Calculations will be saved incrementally for the sequences of interest from the processed tree. Sequences of interest are based on those with eligible mutations considering parent-child mutations in the phylogenetic tree. The Reference sequence is also added to sequences of interest.
Saved raw calculated grammaticality, semantic change and attention change used in our published results are provided in the data download:
data/processed/ncbi_tree_v1/tree_v1_seq_forward_prob_ft.pkl- Probability values calculated with forward mode.
data/processed/ncbi_tree_v1/tree_v1_seq_l2_change_ft.pkl- Semantic change calculated with l2 norm
data/processed/ncbi_tree_v1/tree_v1_seq_attn_ft.pkl- Attention Change
Each file is a pickled dictionary with sequences as keys. Sequences are mapped to a hash string parent_hash listed
in the results output. Running ParentChildMutate.py will look for the previous saved values and continue calculations
on identified parent sequences that are missing from saved files.
To calculate grammaticality and Semantic Change for parent sequences given a processed tree dictionary, mutation data and a finetuned ProtBert model:
python bin/ParentChildMutate.py --tree_version 1 \
--seq_values_only --include_change --change_batched \
--l2_norm --combine --finetuned \
--data_folder data/processed/ncbi_tree_v1 \
> pc_mut.log 2>&1python bin/ParentChildMutate.py --tree_version 1 \
--seq_values_only --include_attn --finetuned \
--combine --data_folder data/processed/ncbi_tree_v1 \
> pc_mut_attn.log 2>&1After all sequences calculations are saved, they can all be combined and processed for results. Downloading our previous saved values will also skip calculation steps.

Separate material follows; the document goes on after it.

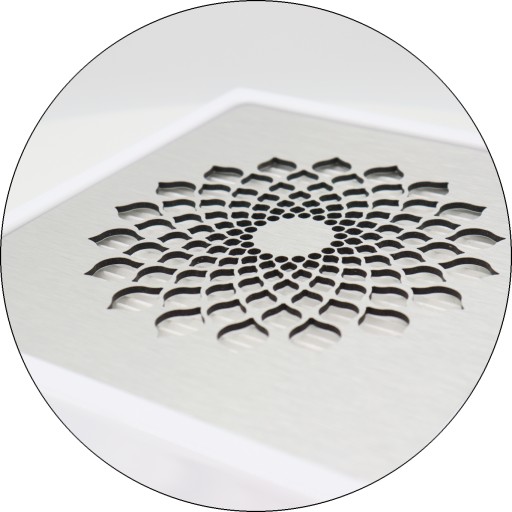 Dzięki obliczeniom oraz oprogramowaniu symulacyjnemu opracowaliśmy kształt kratki, który maksymalizuje skuteczność wciągania pyłu. Kratka wraz z wielkością otworów podzielona jest na strefy wciągania.
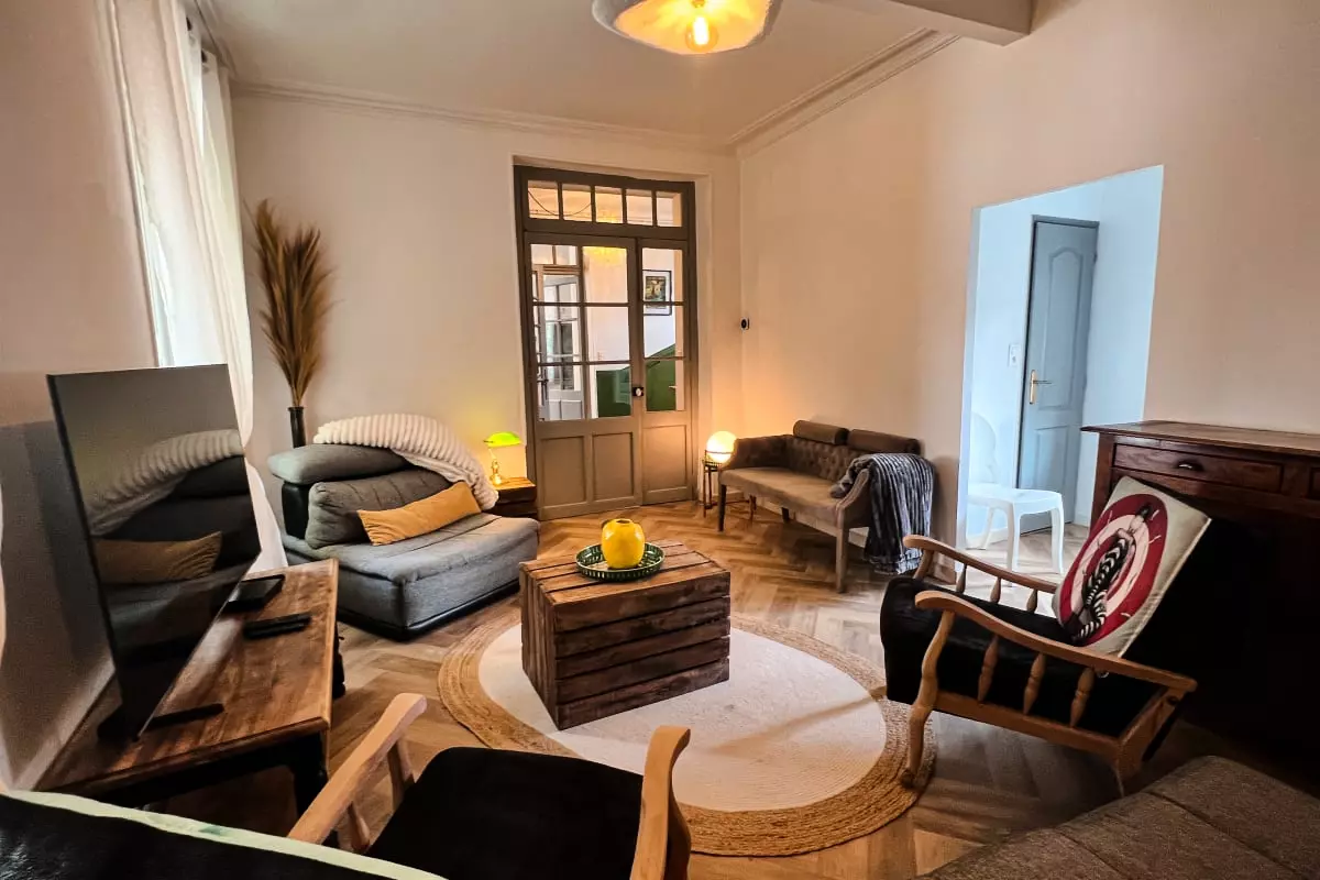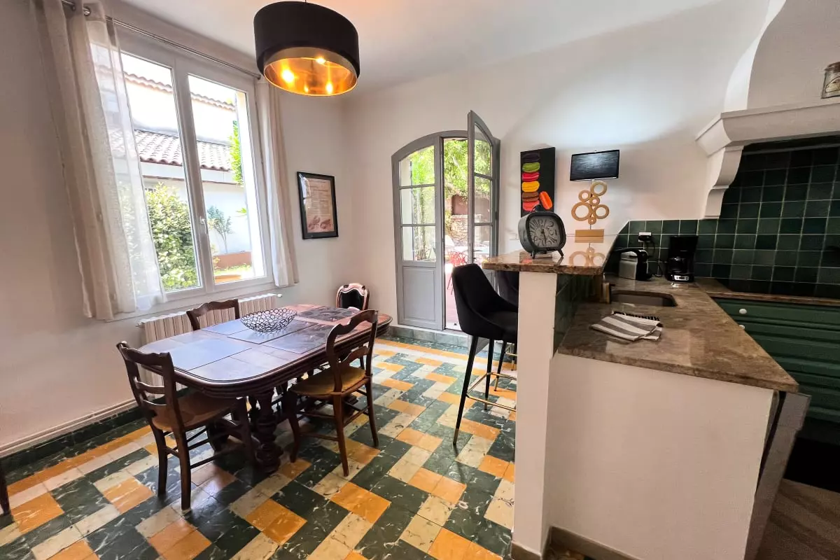 Let yourself be seduced by the unique charm of this superb townhouse with its elegant decor, inspired by Art Deco, located in L'Isle-sur-la-Sorgue, a true pearl of Provence. Just a stone's throw from the historic center, its picturesque streets, renowned antique dealers, and colorful markets, you can stroll freely on foot, savor the Provençal art of living, and enjoy every moment without having to move your car. It's an ideal vacation spot to recharge your batteries in an authentic, chic, and welcoming setting.

You can also provide alpha, beta and gamma weighting values for the DNMS calculation. In our experiments, we used alpha=1.5, beta=3.0 and gamma=1.0
python bin/ParentChildMutate.py --tree_version 1 \
--include_change --include_attn --l2_norm \
--combine --finetuned --csv \
--data_folder data/processed/ncbi_tree_v1 \
--alpha 1.5 --beta 3.0 --gamma 1.0 \
> pc_mut_results.log 2>&1Running the command to calculate language model values for the parent sequences will also include the reference sequence.
Although the reference sequence is excluded from results when calling ParentChildMutate.py
To only calculate language model values for the reference sequence, or to calculate results for the reference experiment:
python bin/RefSeqMutate.py --tree_version 1 \
--include_change --include_attn --l2_norm \
--combine --finetuned --csv \
--data_folder data/processed/ncbi_tree_v1 \
--alpha 1.5 --beta 3.0 --gamma 1.0 \
> ref_results.log 2>&1Similarly as stated above, it may be beneficial to calculate values separately at first.